Data provided:
____________

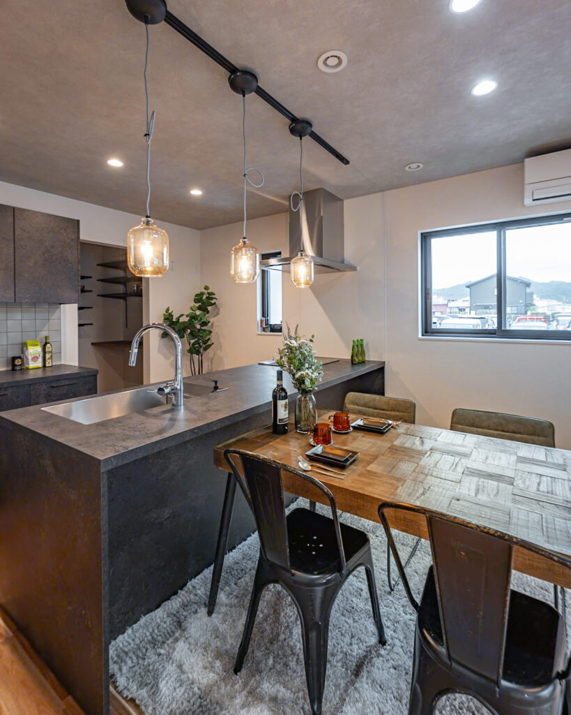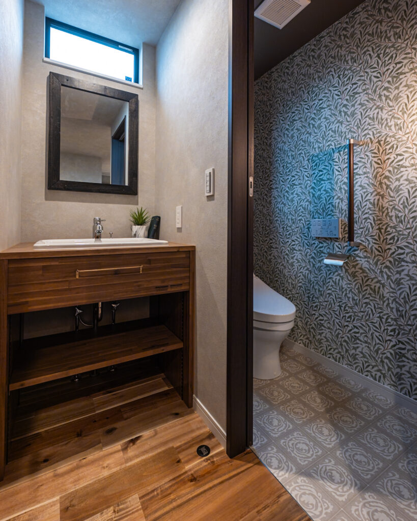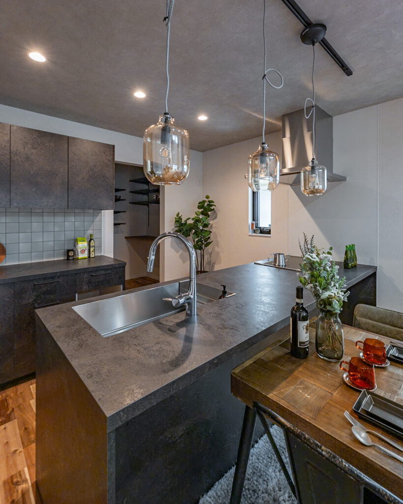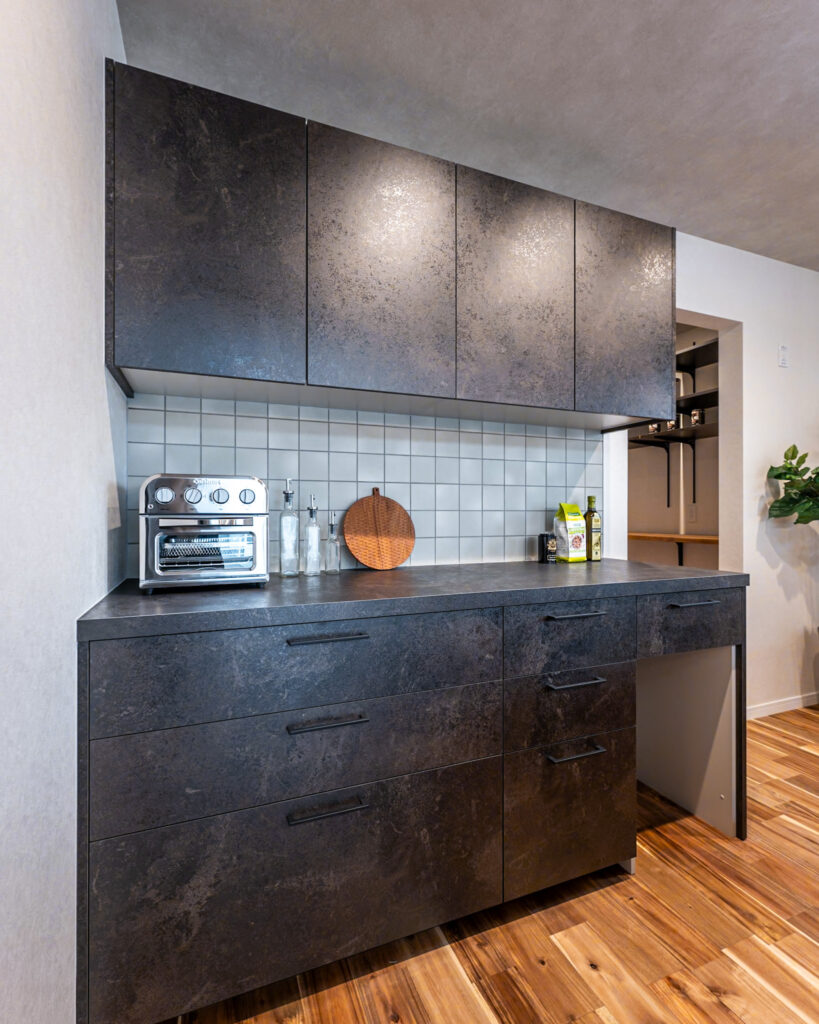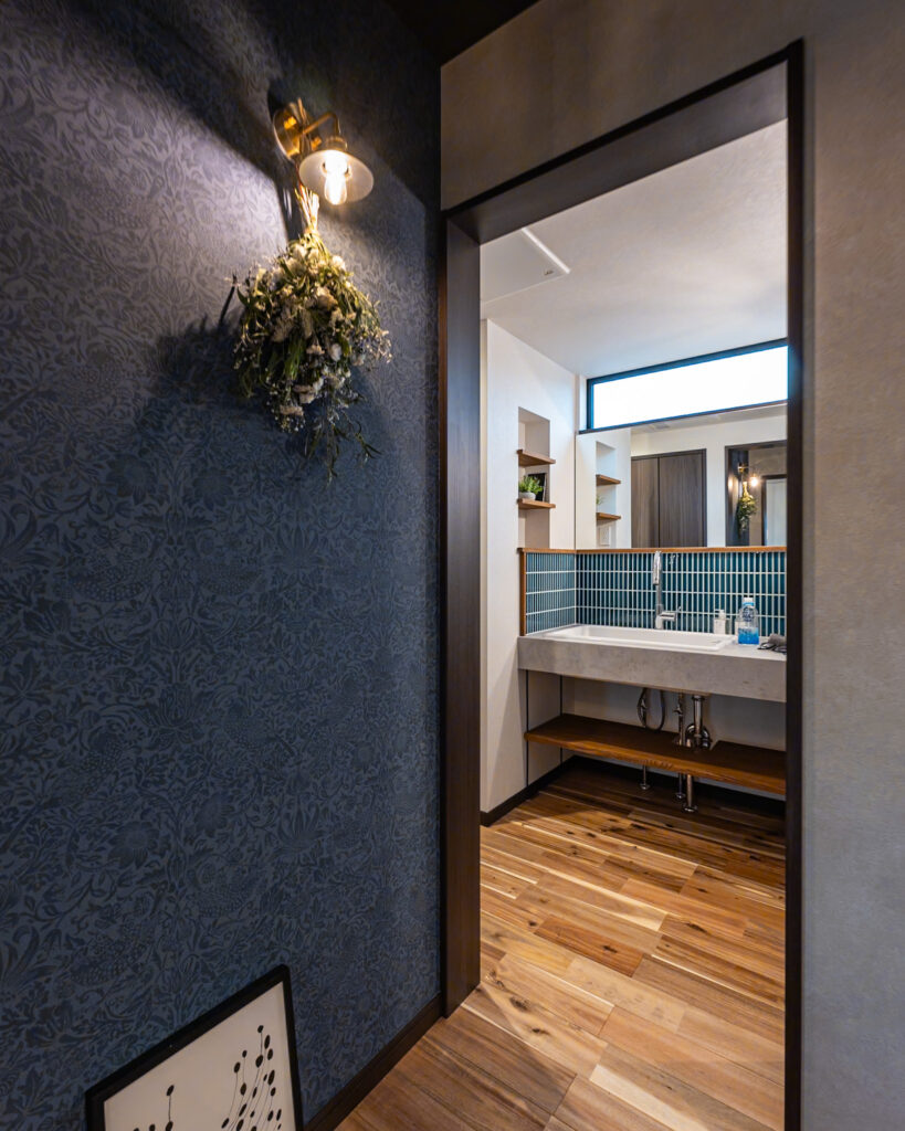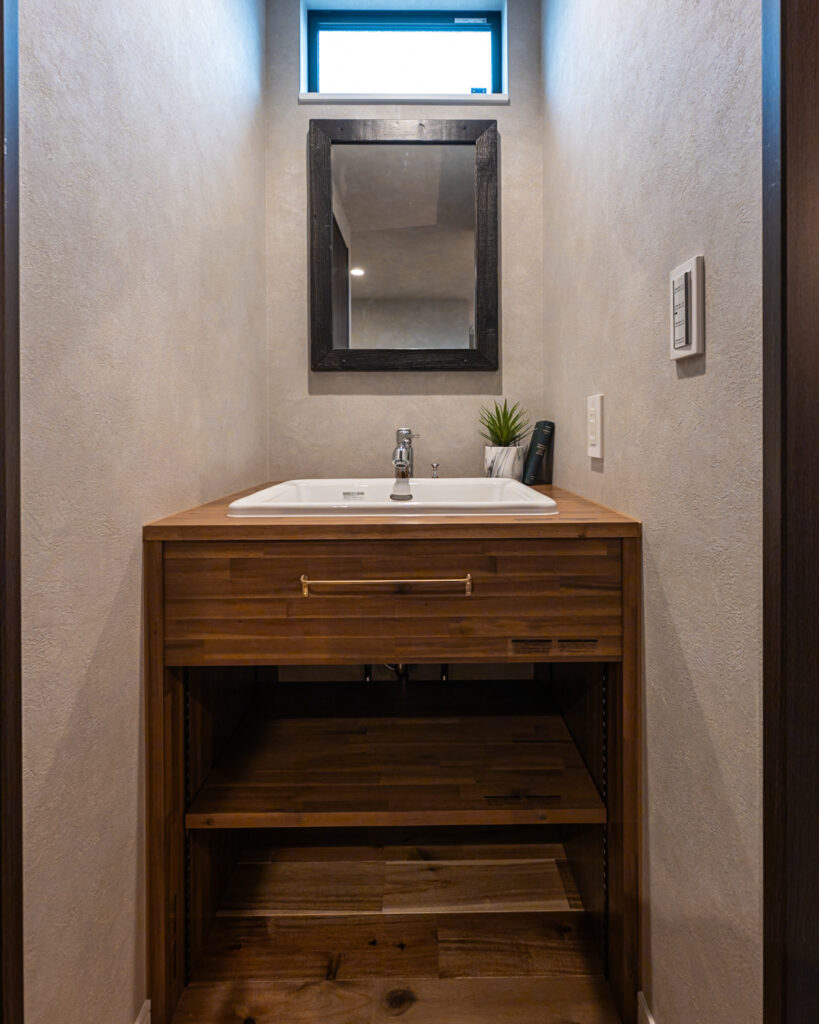 お手入れが楽なメラミンカウンターに濃グリーンタイルの造作洗面台✨
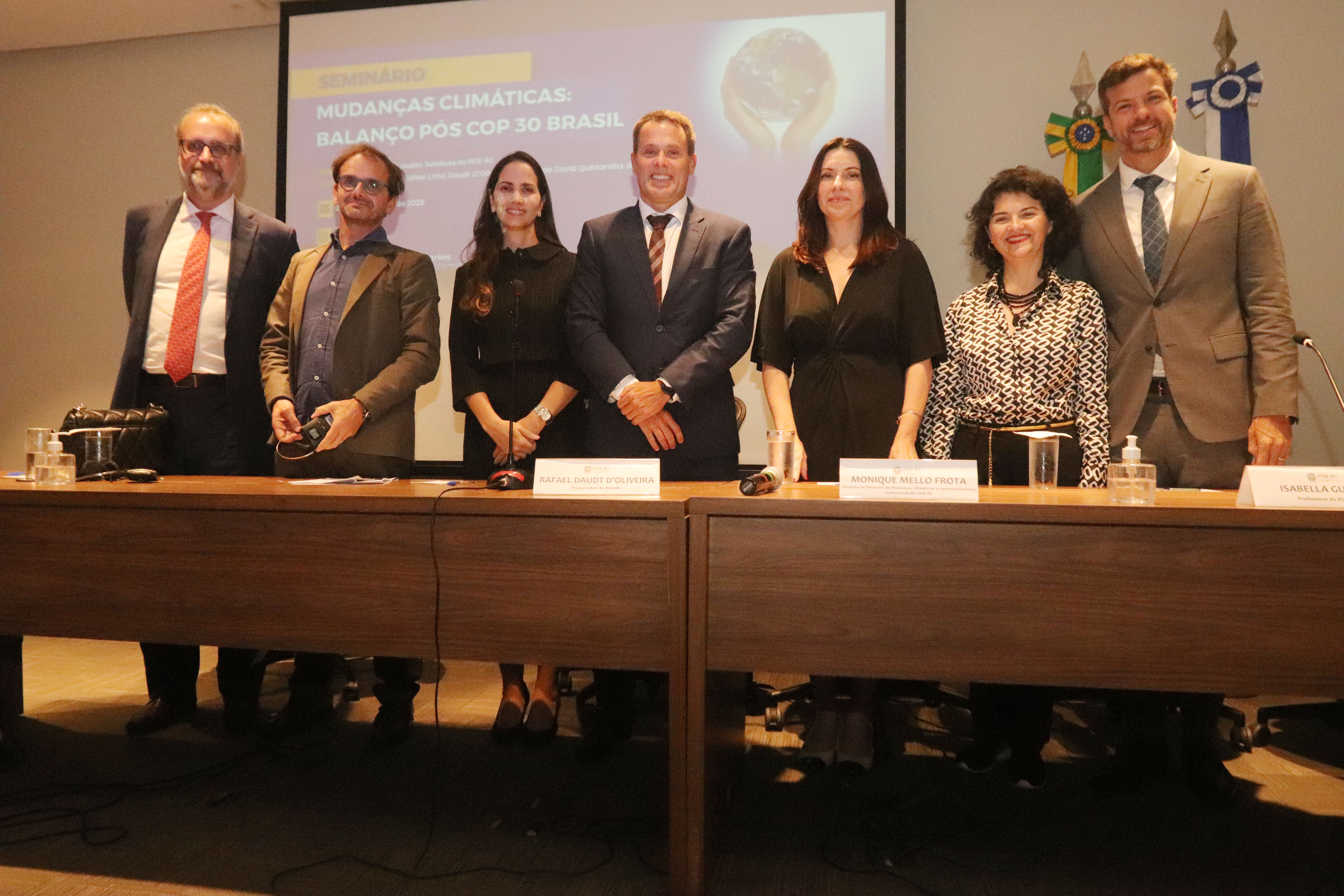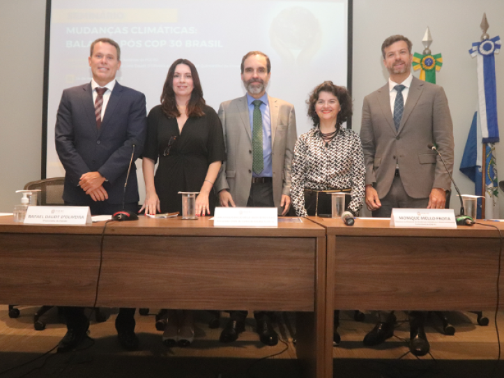A Procuradoria Geral do Estado do Rio de Janeiro promoveu nesta segunda-feira (24), no Auditório Machado Guimarães, o seminário “Mudanças Climáticas: Balanço Pós COP 30 Brasil”. Tendo como coordenadores científicos os Procuradores Rafael Lima Daudt D’Oliveira e Leonardo David Quintanilha de Oliveira, o evento reuniu autoridades e especialistas em Direito Ambiental.
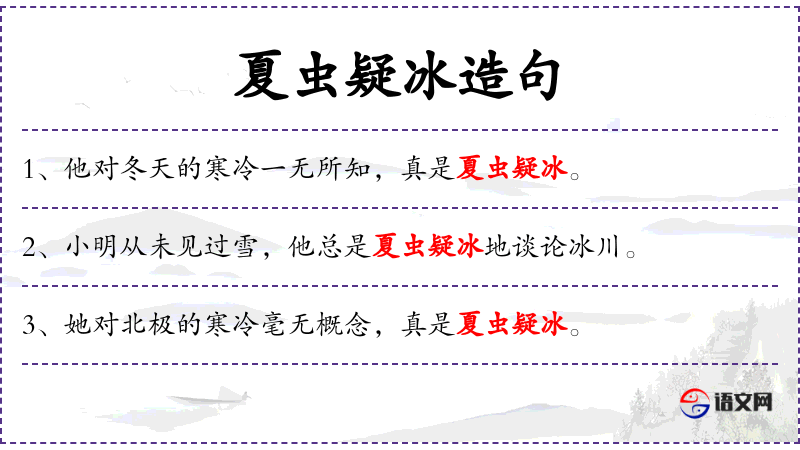 - 夏虫疑冰:成语,比喻对不了解的事物产生怀疑或不理解。
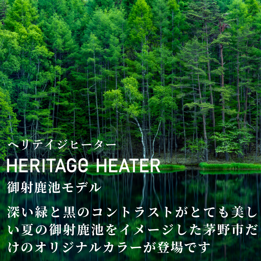 そんな御射鹿池の夏の深い緑と黒のコントラストをイメージし、ヘリテイジヒーターの特長である、天面のグリル部に新しい色を採用した茅野市だけのオリジナルモデルになります。
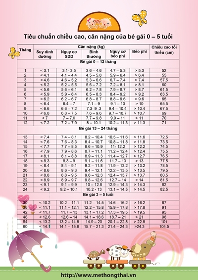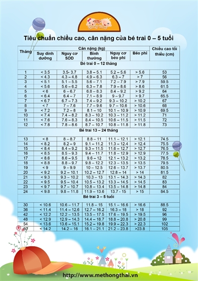 Để giúp các mẹ tiện theo dõi sự tăng cân của bé cũng như không phải thấp thỏm lo lắng vì con thiếu hay thừa cân, đội ngũ bác sĩ của Methongthai.vn đã tổng hợp tài liệu về sự phát triển chiều cao, cân nặng của các bé trong độ tuổi 0 – 5. Tài liệu gồm 6 chỉ số, tương ứng với mỗi tháng tuổi khác nhau:
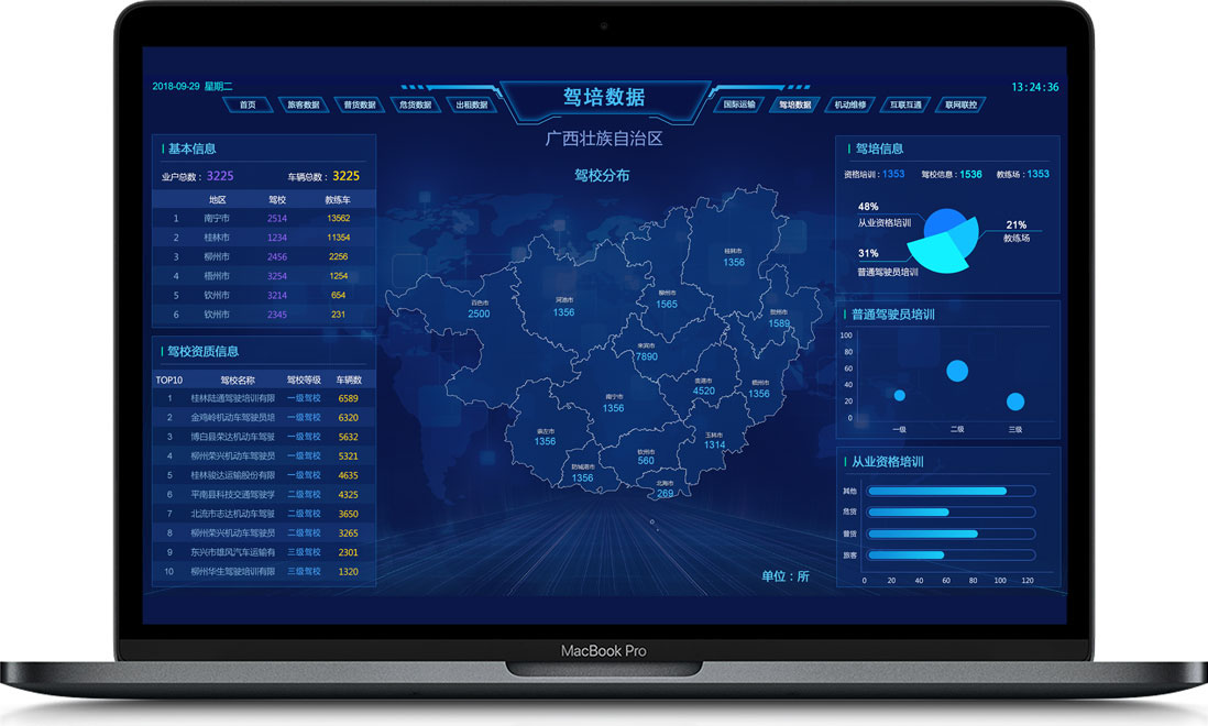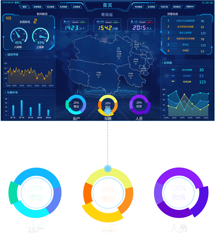 行業(yè)態(tài)勢展示了道路交通運輸行業(yè)的基礎(chǔ)數(shù)據(jù)和走勢,實時反映行業(yè)的運行狀態(tài),將采集的數(shù)據(jù)形象化、直觀化、具體化。為了加強某些重點工作,我們還需加入“聯(lián)網(wǎng)聯(lián)控”、“互聯(lián)互通”等相關(guān)專題。系統(tǒng)所具備的數(shù)據(jù)管理能力可將現(xiàn)有的數(shù)據(jù)進行有效的整合,快速準(zhǔn)確地提供報表并提出決策依據(jù)。

____________

Aim of the exercise: Start with the line with "A Procuradoria Geral" in the listing above and stop after the line with "そんな御射鹿池の夏の深い緑と". Write out exactly the lines in that stretch and no others, without pictures.

Exercise solution:
A Procuradoria Geral do Estado do Rio de Janeiro promoveu nesta segunda-feira (24), no Auditório Machado Guimarães, o seminário “Mudanças Climáticas: Balanço Pós COP 30 Brasil”. Tendo como coordenadores científicos os Procuradores Rafael Lima Daudt D’Oliveira e Leonardo David Quintanilha de Oliveira, o evento reuniu autoridades e especialistas em Direito Ambiental.
 - 夏虫疑冰:成语,比喻对不了解的事物产生怀疑或不理解。
 そんな御射鹿池の夏の深い緑と黒のコントラストをイメージし、ヘリテイジヒーターの特長である、天面のグリル部に新しい色を採用した茅野市だけのオリジナルモデルになります。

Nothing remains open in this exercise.